### WORKING DATA

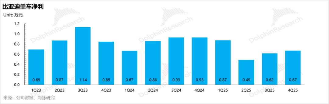本季度,比亚迪实现单车毛利 2.9 万元。尽管较上季度环比微升 0.1 万元(得益于规模效应带来的成本降幅略高于售价降幅),但由于终端降价促销仍在持续,单车降本的力度未能完全对冲价格下探的压力,最终导致单车盈利未能触达市场预期的 3 万元关口。
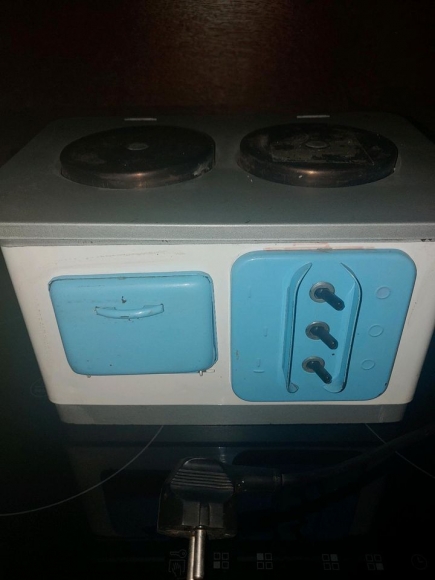 Funktionsfähiger Spielzeugofen mit Gebrauchsspuren
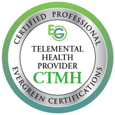 - CTMH Certified Telemental Health Provider – Evergreen Certifications – Certification No 172366 – Issue Date 07/07/2020 – Expiration Date 07/06/2021
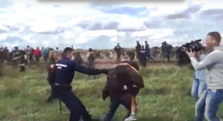 seu caminho, fazendo-os cair. O cinegrafista foi Petra Laszlo. Ela trabalhava para o Canal Nemzeti Televízió, ou N1, uma operação de notícias fundada em 2012, de
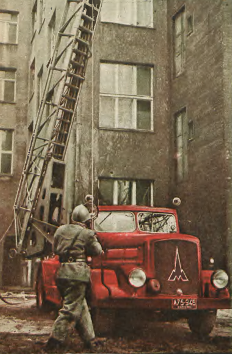 Więcej na temat sprzętu z lat 50. użytkowanego przez zawodową straż pożarną z Warszawy przeczytacie na łamach czasopisma Stolica - warszawski tygodnik ilustrowany. R. 10, 1955 nr 15.
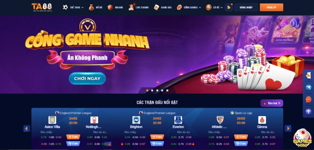 • Là nhà cái hàng đầu khu vực, Ta88 có kho trò chơi siêu đa dạng cùng tỷ lệ kèo cược cao, chất lượng
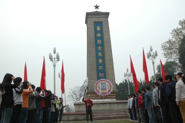 四月一日,随州市科技职校全体师生到市白云山烈士陵园祭扫烈士墓,并举行新团员入团宣誓。这项活动使学生们受到了一次革命传统教育。(陈德友摄)
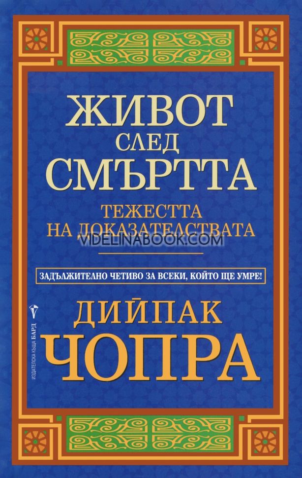 Книгата "Живот след смъртта: Тежестта на доказателствата" предлага уникален поглед върху смъртта и живота, като показва, че животът след смъртта не е отделен от настоящия живот. Дийпак Чопра съчетава научни открития и традиции на мъдростта, за да представи цялостен модел на съзнанието, което продължава след смъртта.

######

* TASK BRIEF: Retype every entry exactly as written, but omit the pictures.

* RESPONSE BOX:
本季度,比亚迪实现单车毛利 2.9 万元。尽管较上季度环比微升 0.1 万元(得益于规模效应带来的成本降幅略高于售价降幅),但由于终端降价促销仍在持续,单车降本的力度未能完全对冲价格下探的压力,最终导致单车盈利未能触达市场预期的 3 万元关口。
 Funktionsfähiger Spielzeugofen mit Gebrauchsspuren
 - CTMH Certified Telemental Health Provider – Evergreen Certifications – Certification No 172366 – Issue Date 07/07/2020 – Expiration Date 07/06/2021
 seu caminho, fazendo-os cair. O cinegrafista foi Petra Laszlo. Ela trabalhava para o Canal Nemzeti Televízió, ou N1, uma operação de notícias fundada em 2012, de
 Więcej na temat sprzętu z lat 50. użytkowanego przez zawodową straż pożarną z Warszawy przeczytacie na łamach czasopisma Stolica - warszawski tygodnik ilustrowany. R. 10, 1955 nr 15.
 • Là nhà cái hàng đầu khu vực, Ta88 có kho trò chơi siêu đa dạng cùng tỷ lệ kèo cược cao, chất lượng
 四月一日,随州市科技职校全体师生到市白云山烈士陵园祭扫烈士墓,并举行新团员入团宣誓。这项活动使学生们受到了一次革命传统教育。(陈德友摄)
 Книгата "Живот след смъртта: Тежестта на доказателствата" предлага уникален поглед върху смъртта и живота, като показва, че животът след смъртта не е отделен от настоящия живот. Дийпак Чопра съчетава научни открития и традиции на мъдростта, за да представи цялостен модел на съзнанието, което продължава след смъртта.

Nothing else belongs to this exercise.